Businesses routinely pay payroll, sales taxes, and other government fees online, but the system has to be set up in advance. I have never seen a failure in processing.
realjohnboy
 
  1  
Reply Sat 3 Apr, 2010 03:25 pm
@roger,
Ha, Roger. When I got my 2/28 bank statement, the state had deducted our sales tax payment twice. Fortunately, I carry a hefty balance in our account but a business living from day to day might have been royally screwed if the mistake caused the account to go negative.
Rockhead
 
  1  
Reply Sat 3 Apr, 2010 04:05 pm
@realjohnboy,
thought about this thread as I received a check for a brake job.

about half of my customers pay me with a check.

(i don't do plastic)

but most of them are over 50...
Merry Andrew
 
  1  
Reply Sat 3 Apr, 2010 04:14 pm
@roger,
Quote:
have had bad experiences with both Consumer Reports and Wired Magazine using my account information to automatically, and oh so helpfully renewing subscriptions


I'm having that experience with Verizon now. Many moons ago I had forgotten to send them a check for my cell phone bill. So I called and gave them authorization to tap my checking account. Now they've decided it's cool to do that every month. Instead of sending me a "bill", they send me a "statement" or "invoice" and I don't have to worry about paying.
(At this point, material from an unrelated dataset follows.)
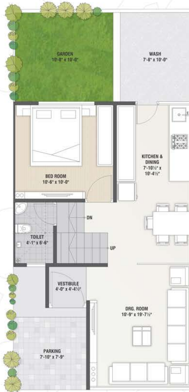
Ground Floor Plan

Since I never actually authorized this, I'm not sure how happy I am with it.
0 Replies
 
realjohnboy
 
  1  
Reply Sat 3 Apr, 2010 04:18 pm
@Rockhead,
Interesting comment, RH. I have stores on both sides of the Blue Ridge Mtns. On the east side (in Charlottesville and Winchester which could be described as more cosmopolitan), 80-85% of sales are on plastic. On the west side (Harrisonburg which is more rural agriculture) plastic accounts for 60% with most of the rest being cash. 60 miles apart by road, but those mountains make a big difference.